Fully Ordered Pt3Co Intermetallic Nanoparticles Derived from MOFs for Oxygen Reduction in PEMFCS

Abstract

Proton exchange membrane fuel cells (PEMFCs) are considered to be a promising power source for electric vehicles and stationary residential applications. However, current PEMFCs have several problems that need to be overcome including high cost, insufficient power density, and poor performance durability. Current Pt-based cathodes for the oxygen reduction reaction (ORR) are primarily responsible for these issues. Development of advanced Pt-based catalysts are crucial for solving these problems in order for large-scale application of PEMFCs to be feasible. Recently, highly ordered PtM alloy catalysts have exhibited significantly enhanced activity and stability for the ORR in PEMFCs, which have attracted substantial attention.
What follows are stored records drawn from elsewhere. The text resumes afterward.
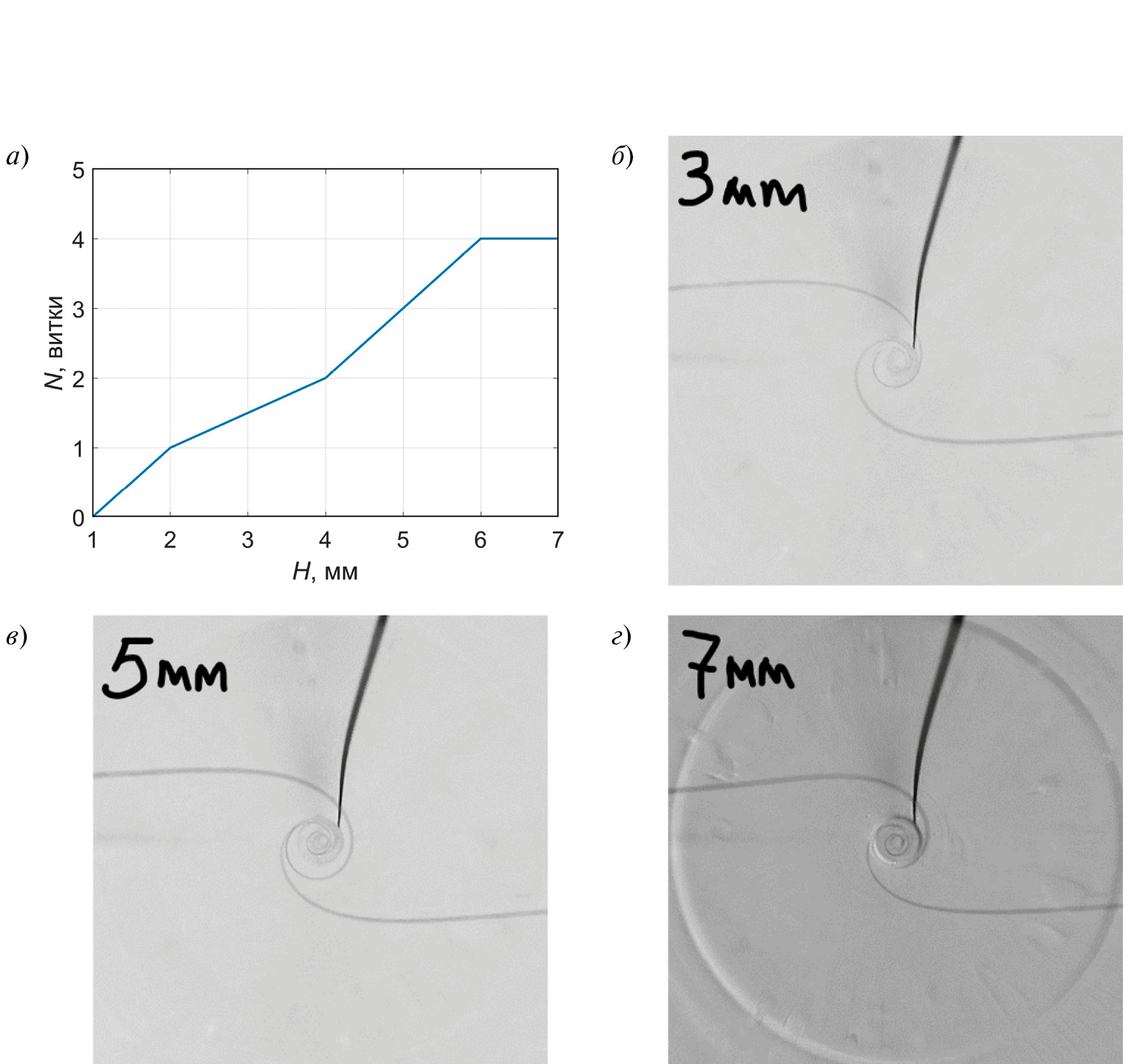 Рис. 5. Экспериментальная зависимость количества витков линии от высоты подъема измерительной иглы в щели канала (а) и фотографии линий тока при положении камеры над каналом (б-г): Контрольная игла расположена справа, измерительная игла – слева; струя красителя сверху визуализирует границу канала. Из рис. 5 видно, что количество витков спиральной линии тока нарастает при увеличении высоты подъема измерительной иглы. По рис. 5г видно, что визуальное отслеживание количества витков в крайнем положении измерительной иглы затруднено.
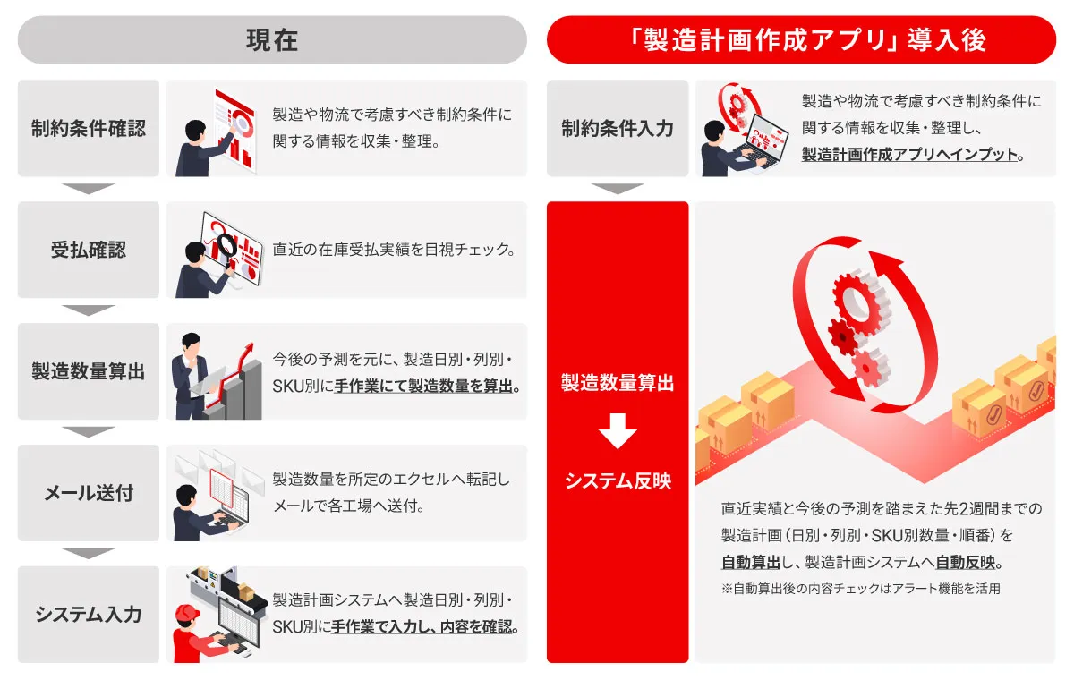 製造計画作成業務は、直近1~2週間先や数ヶ月先の製造計画を作成した上で、最終的には足元の出荷動向をふまえた日々の製造数の調整・確定を行っていますが、今回の「製造計画作成アプリ」はその中の直近1~2週間先の製造数量を算出するアプリです。
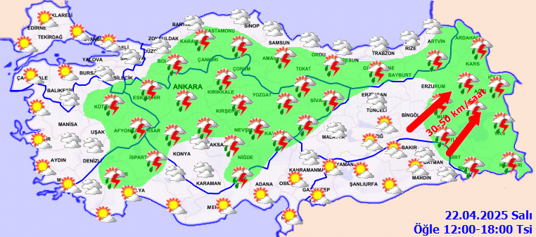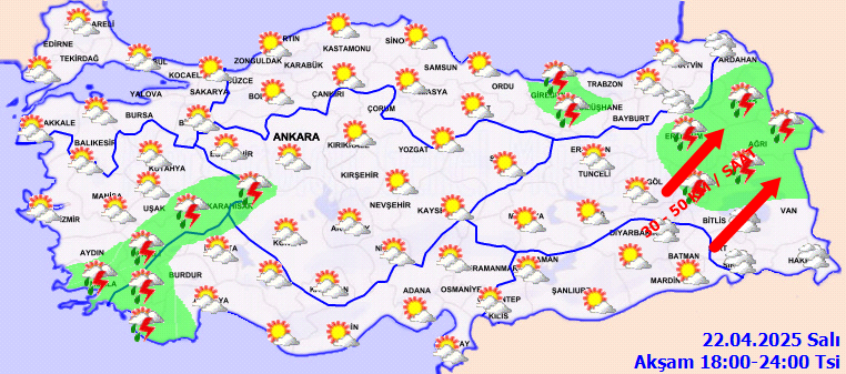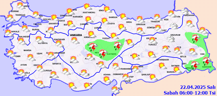 Meteoroloji Genel Müdürlüğü (MGM) 22 Nisan hava durumu raporunu yayımladı.
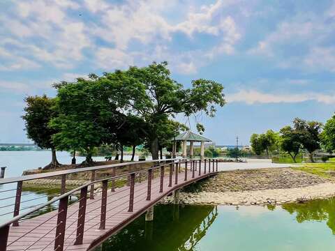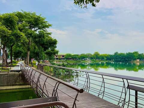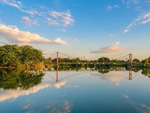 黃偉哲市長表示,臺南擁有豐富埤塘資源,不僅見證地方聚落發展,也與農業生產及居民生活息息相關,是重要的休憩與文化資產。葫蘆埤自然公園位於官田區176市道旁,是本市重要的觀光景點,更名列新南瀛八景「菱香舟影」,園區以擁有埤塘美景著稱,引人入勝的凌波吊橋及兒童遊憩區深受民眾喜愛。本次工程除優化整體環境外,並新增地景遊憩區、水岸座階,全面更新環埤步道,給遊客更安全、友善、舒適、多元的休憩環境。
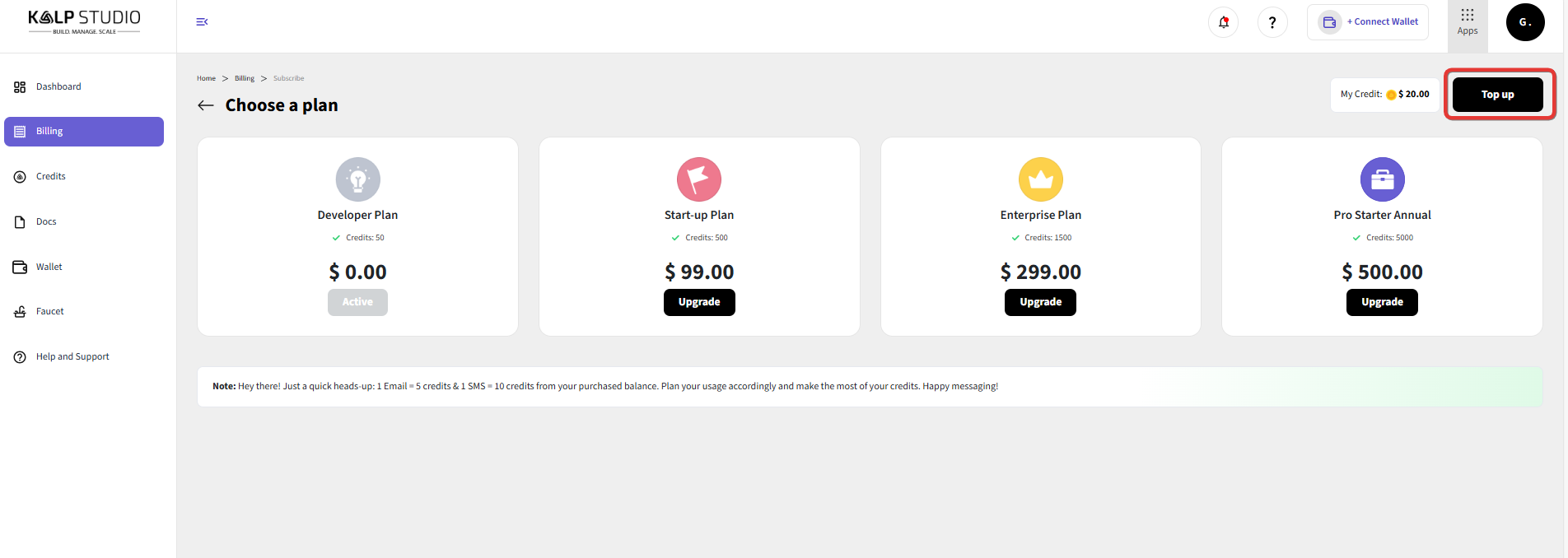 Adding credits for your email services in Kalp Studio is a simple and secure process. By following the steps outlined above, primarily using the "Top up" feature in the Billing section, you can quickly replenish your account balance. This ensures that your email marketing campaigns, transactional emails, and other communications can continue without interruption, allowing you to effectively reach your audience and manage your communication budget efficiently.
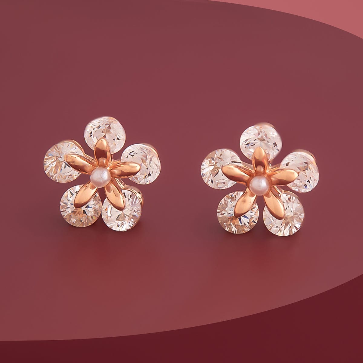 Kushal's Fashion Jewellery 92.5 Pure Silver Flower Design Earring
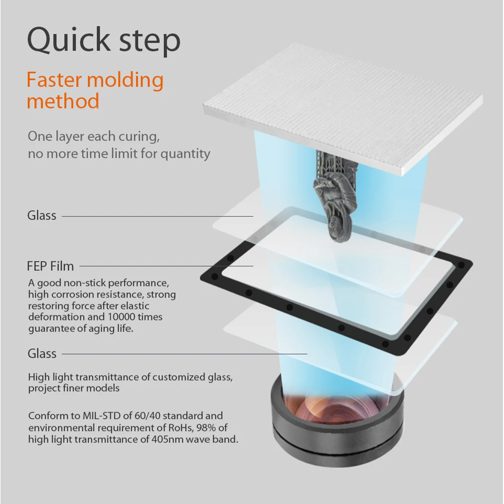 Съемные алюминиевые смолы НДС и FEP пленкиСпособствует минимальным отходам смолы, долговечности и низким расходам на техническое обслуживание.
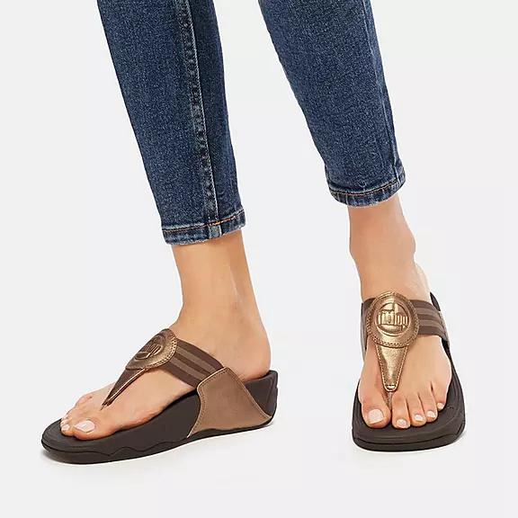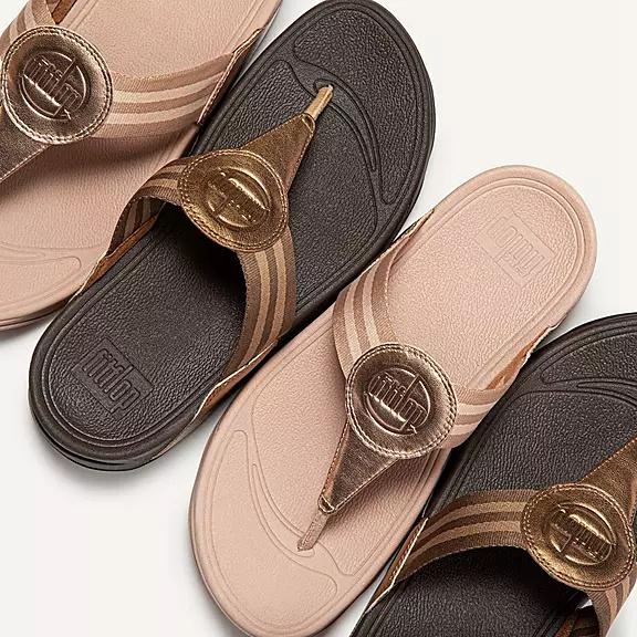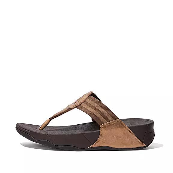 FitFlop Women's WALKSTAR Webbing Toe-Post Wide Fit Sandals - Bronze (TBPRQ-5607)
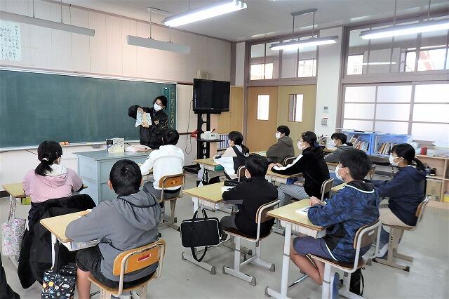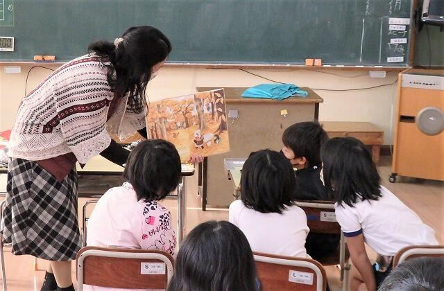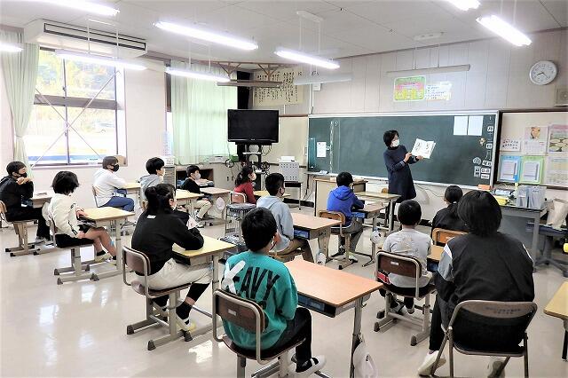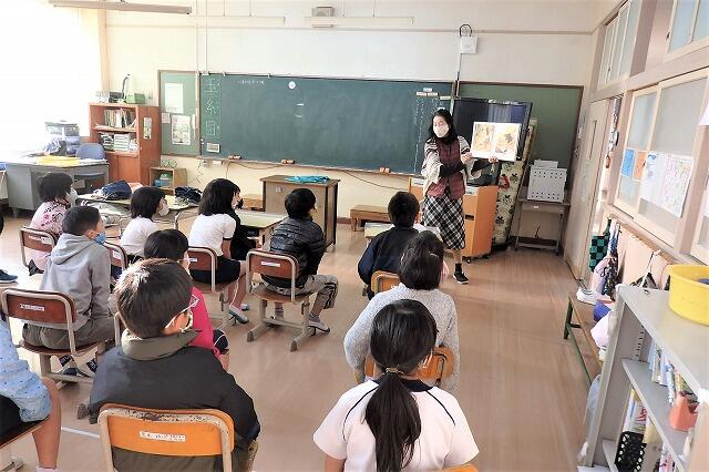 「おはなし くれよん」の方々に、読み聞かせをしていただきました。 4・5年生の教室です。
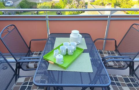 Sie bietet mit Ihren 2 großen Schlafzimmern, 2 Bädern und 2 Balkonen mit Meerblick und einer hochwertigen Wohnküche aus Massivholz mit Esstisch und Sofa-Gruppe genügend Platz für 2 befreundete Paare, oder auch eine Familie mit größeren Kindern, die gemeinsam Ihren Urlaub verbringen wollen.
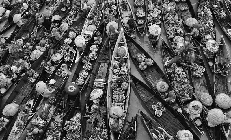 近日,摄影师Saipulah在印度尼西亚班加尔地区拍摄了一组洛克班坦水上集市的照片。数以百计的小贩乘坐小船聚集在水上,出售他们亲手采摘的新鲜果实和蔬菜,他们的衣着和货物融合出令人惊叹的色彩盛宴。
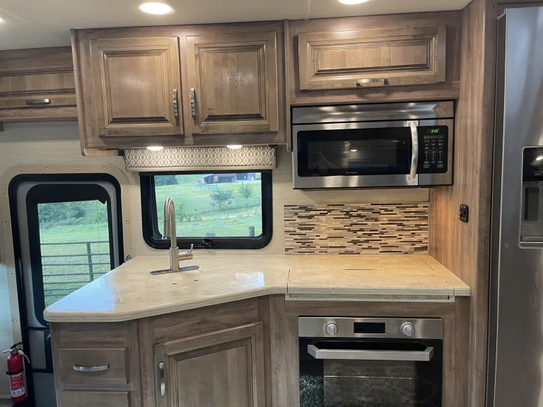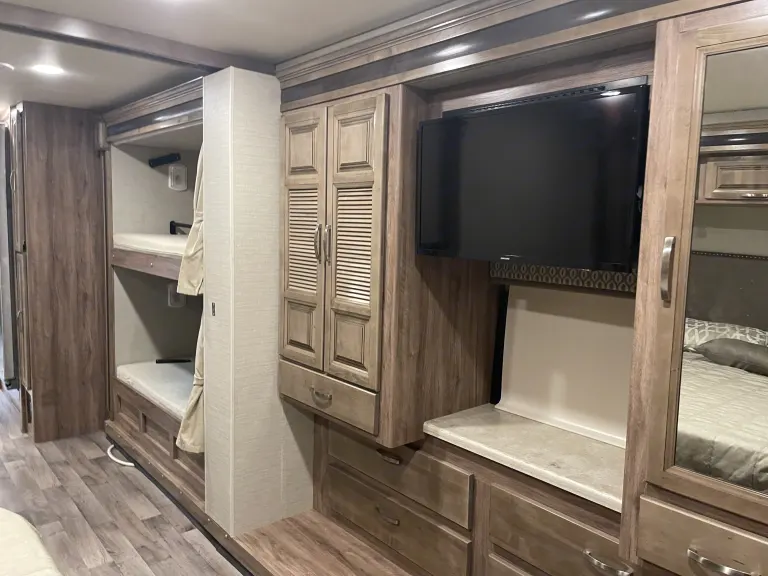 This rental is modern and luxurious RV with all the amenities. It has 1.5 bathrooms and 3 TVs (one in the bedroom, one in the living room in front of the sectional sofa & one in the outdoor entertainment space). It is Bluetooth compatible for listening to all of your favorite music or navigating to your destination. It sleeps 6-8 people. There is plenty of storage space for all of your adventure gear.
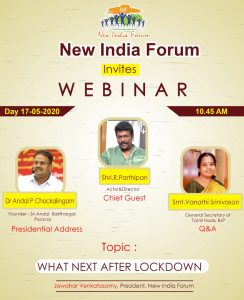 May 16 2020 0CommentNew India Forum Zoom Meeting Posted by Vastu_Shastram In Blog New India Forum Zoom Meeting Share this: Tags: actor parthiban, Andal P. Chockalingam, meeting, Tmt.vanathi srinivasan, Webinar, Zoom Share:
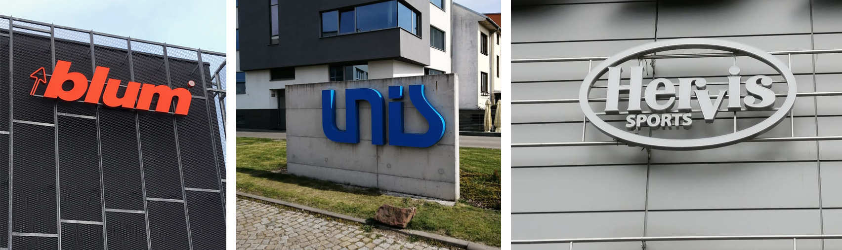 Jedná se o velmi populární a vkusné provedení reklamy v závislosti na podobě daného loga. Korpusy jednotlivých znaku jsou vyrobeny z materiálů dle případných požadavků klienta na celkový vzhled hliník, nerezový plech (brus popř. lesk), plast či dibond. V případě požadavku na světelné provedení je čelo vyhotoveno z opálového plexi s polepem translucentní fólií popř. probarveným plexi.
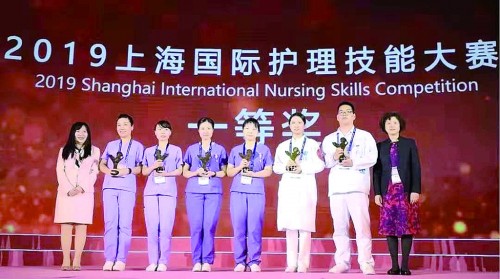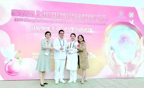 王佳琪(左二)在2019上海国际护理技能大赛赛场上。本版图片均由受访者提供
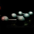 Guardó conceptual realitzat completament en alumini i consistent en dos esferes massisses (però rebaixades de pes imperceptiblement) unides per un eix, tot anoditzat en negre. Gravat natural fet en profunditat.
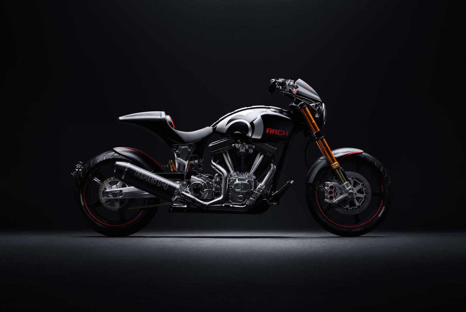 The 1s is the first production single sided swingarm motorcycle from ARCH. Â This new model is sport influenced with a more aggressive riding position while still keeping hold of its performance cruiser formulation. Â CNC Machined Aluminum and extensive use of Carbon Fiber flow within the lines of this elegant yet race inspired motorcycle. Â As with all Arch motorcycles, the 1s can be custom tailored to its owner.

Based on our ongoing research projects [1-3], in this presentation, we introduced our recent progress to develop low-PGM catalysts with emphasis on the innovative synthesis methods of using pre-doped transition metals such as Co or Ni into metal–organic-framework (MOF)-derived carbon as the sources to prepare highly ordered PtM catalysts. As an example, ordered Pt3Co intermetallic nanoparticles through a facile thermal treatment of Pt nanoparticles supported on Co-doped MOF-derived carbon. Atomically dispersed Co sites are originally embedded into MOF-derived carbon. Then we can accurately control the diffusion of Co into Pt crystals and form ordered Pt3Co structures. It is very crucial for the formation of the ordered Pt3Co to carefully control the doping content of Co into the MOFs and the heating temperatures for Co diffusion. The optimal Pt3Co nanoparticle catalyst has achieved significantly enhanced activity and stability. The highly ordered intermetallic structure was retained after the accelerated stress tests made evident by atomic-scale elemental mapping. Fuel cell tests further verified the high intrinsic activity of the ordered Pt3Co catalysts. The new synthesis approach provides an effective strategy to develop active and stable Pt alloy catalysts by leveraging the unique properties of MOFs such as 3D structures, high surface areas, and controlled nitrogen and transition metal dopings. This concept also provides a solution to take advantages of current atomically dispersed PGM-free catalyst to develop high-performance low-PGM cathode catalysts.